Offline RL and Imitation Learning with TorchRL

Offline reinforcement learning trains a policy entirely from a fixed, pre-collected dataset — no further environment interaction is allowed during learning. This setting removes the need for a simulator at train time and makes RL practical for domains where environment resets are expensive or unsafe, such as healthcare, robotics, and industrial control. TorchRL provides a complete offline stack: dataset loaders for D4RL, Atari DQN, LeRobot, Minari, and Open X-Embodiment; TensorDictReplayBuffer for flexible offline data management; and dedicated loss modules for IQL, CQL, behavior cloning, and the Decision Transformer.

Why Offline RL Is Hard

Standard Q-learning diverges on offline data because the Bellman backup queries Q-values for out-of-distribution (OOD) actions — actions the behavior policy never took. The learned Q-function will confidently overestimate those OOD actions unless an explicit constraint pushes the policy back toward the data distribution. The three main families of solutions are:

Conservative value functions (CQL): penalise Q-values for OOD actions during training.
Implicit constraints (IQL): avoid querying OOD actions altogether by replacing max-Q with an expectile regression.
Supervised cloning (BC, DT): bypass Q-learning entirely and treat offline RL as sequence or regression modelling.

IQLLoss: Implicit Q-Learning

IQLLoss implements the algorithm from “Offline Reinforcement Learning with Implicit Q-Learning” (Kostrikov et al. 2021). It introduces a separate value_network V(s) trained with expectile regression instead of max-Q bootstrapping, so the critic never queries the policy for OOD actions.

import torch
from torch import nn
from torchrl.modules.tensordict_module.actors import ProbabilisticActor, ValueOperator
from torchrl.modules.tensordict_module.common import SafeModule
from torchrl.modules.distributions import NormalParamExtractor, TanhNormal
from torchrl.data import Bounded
from torchrl.objectives.iql import IQLLoss

# Actor: stochastic Gaussian policy
actor_net = nn.Sequential(nn.Linear(obs_dim, 256), nn.ReLU(), nn.Linear(256, 2 * action_dim))
actor = ProbabilisticActor(
    module=SafeModule(actor_net, in_keys=["observation"], out_keys=["loc", "scale"]),
    in_keys=["loc", "scale"],
    out_keys=["action"],
    distribution_class=TanhNormal,
    return_log_prob=True,
)

# Critic: Q(s, a)
qvalue_net = nn.Sequential(nn.Linear(obs_dim + action_dim, 256), nn.ReLU(), nn.Linear(256, 1))
qvalue = ValueOperator(module=qvalue_net, in_keys=["observation", "action"])

# Value: V(s)
value_net = nn.Sequential(nn.Linear(obs_dim, 256), nn.ReLU(), nn.Linear(256, 1))
value = ValueOperator(module=value_net, in_keys=["observation"])

loss_fn = IQLLoss(
    actor_network=actor,
    qvalue_network=qvalue,
    value_network=value,
    num_qvalue_nets=2,         # double Q trick
    temperature=3.0,           # inverse temperature β — higher → closer to max-Q
    expectile=0.7,             # τ — larger values needed for stitching tasks (e.g. AntMaze)
    loss_function="smooth_l1",
)

# Training step
batch = replay_buffer.sample(256)
loss_td = loss_fn(batch)
# loss_td keys: "loss_actor", "loss_qvalue", "loss_value"
total_loss = loss_td["loss_actor"] + loss_td["loss_qvalue"] + loss_td["loss_value"]
total_loss.backward()

For antmaze tasks that require “stitching” together sub-optimal trajectories, set expectile=0.9 or higher. For simpler locomotion datasets, expectile=0.7 with temperature=3.0 is a good starting point.

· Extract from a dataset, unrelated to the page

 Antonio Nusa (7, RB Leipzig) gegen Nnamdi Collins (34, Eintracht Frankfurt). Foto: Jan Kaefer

CQLLoss: Conservative Q-Learning

CQLLoss implements “Conservative Q-Learning for Offline Reinforcement Learning” (Kumar et al. 2020). It adds a CQL regularisation term that penalises Q-values for actions sampled from the current policy (rather than from the dataset), keeping the critic conservative over the offline data distribution.

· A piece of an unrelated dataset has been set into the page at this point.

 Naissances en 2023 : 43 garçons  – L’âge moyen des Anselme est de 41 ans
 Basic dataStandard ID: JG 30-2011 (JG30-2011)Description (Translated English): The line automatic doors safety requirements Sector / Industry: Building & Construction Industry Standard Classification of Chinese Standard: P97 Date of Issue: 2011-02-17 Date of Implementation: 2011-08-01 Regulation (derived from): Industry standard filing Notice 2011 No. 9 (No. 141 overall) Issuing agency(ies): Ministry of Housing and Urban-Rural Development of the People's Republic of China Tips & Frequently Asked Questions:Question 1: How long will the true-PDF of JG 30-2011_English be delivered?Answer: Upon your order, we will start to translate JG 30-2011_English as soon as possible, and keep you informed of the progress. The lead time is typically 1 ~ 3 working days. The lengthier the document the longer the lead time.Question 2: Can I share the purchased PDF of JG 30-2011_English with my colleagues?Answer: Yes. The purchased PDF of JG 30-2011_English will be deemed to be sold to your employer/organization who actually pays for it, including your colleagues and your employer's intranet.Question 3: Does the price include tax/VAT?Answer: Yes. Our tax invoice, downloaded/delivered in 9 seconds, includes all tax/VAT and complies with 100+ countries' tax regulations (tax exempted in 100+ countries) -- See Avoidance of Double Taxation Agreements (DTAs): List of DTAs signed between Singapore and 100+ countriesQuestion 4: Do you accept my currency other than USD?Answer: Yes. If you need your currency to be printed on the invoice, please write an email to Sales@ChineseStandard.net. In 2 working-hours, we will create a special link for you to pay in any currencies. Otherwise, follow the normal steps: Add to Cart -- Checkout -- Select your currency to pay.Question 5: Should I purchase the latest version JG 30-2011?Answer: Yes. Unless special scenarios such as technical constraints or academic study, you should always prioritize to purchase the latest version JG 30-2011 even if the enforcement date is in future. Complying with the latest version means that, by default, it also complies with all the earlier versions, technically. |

from torchrl.objectives.cql import CQLLoss

loss_fn = CQLLoss(
    actor_network=actor,
    qvalue_network=qvalue,
    loss_function="smooth_l1",
    alpha_init=1.0,            # initial entropy multiplier
    fixed_alpha=False,         # auto-tune α to match target entropy
    target_entropy="auto",     # -prod(action_dims)
    delay_qvalue=True,         # separate target Q network
    temperature=1.0,           # CQL temperature for action sampling
)

batch = replay_buffer.sample(256)
loss_td = loss_fn(batch)
# loss_td keys: "loss_actor", "loss_actor_bc", "loss_qvalue", "loss_alpha", "loss_cql"

CQL vs. IQL at a Glance

Property	IQL	CQL
OOD action queries	Never	Yes (for regularisation)
V(s) network needed	Yes	No
Auto-tune α	No	Yes
Best for	Stitching tasks	Dense-reward locomotion

BCLoss: Behavior Cloning

BCLoss is the simplest approach: maximise the log-likelihood of expert actions log π(a_expert | s). It is the right baseline before applying more complex offline RL algorithms, and is often competitive on tasks with narrow behavior distributions.

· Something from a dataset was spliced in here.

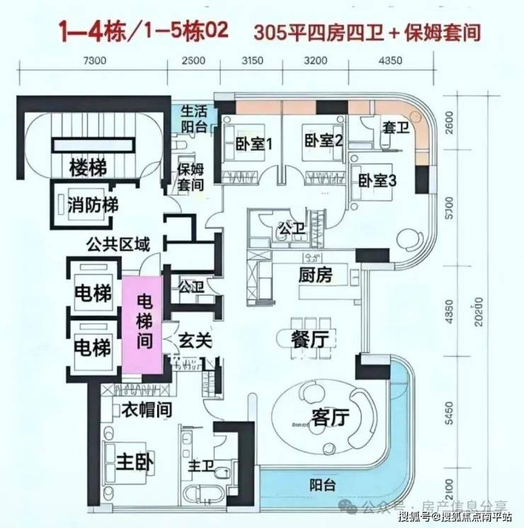 项目将会开放302㎡和370㎡两个户型,首推E栋的302㎡

from torchrl.objectives.bc import BCLoss
from torchrl.modules.tensordict_module.actors import Actor
from tensordict import TensorDict

# Works with any actor that has a get_dist() method
bc_loss = BCLoss(actor_network=actor, reduction="mean")

# The input tensordict must contain "observation" and "action"
batch = TensorDict({
    "observation": torch.randn(256, obs_dim),
    "action": action_spec.rand((256,)),
}, batch_size=[256])

loss_td = bc_loss(batch)
# loss_td keys: "loss_bc"
loss_td["loss_bc"].backward()

BCLoss is also compatible with non-TensorDict usage. Pass the actor’s in_keys plus "action" as keyword arguments:

loss_val = bc_loss(observation=obs_tensor, action=action_tensor)

DTLoss: Decision Transformer

DTLoss implements “Decision Transformer: Reinforcement Learning via Sequence Modeling” (Chen et al. 2021). Instead of learning a Q-function, the Decision Transformer autoregressively models π(a | s, R, t) where R is a desired return-to-go, making it a supervised learning problem over offline trajectories.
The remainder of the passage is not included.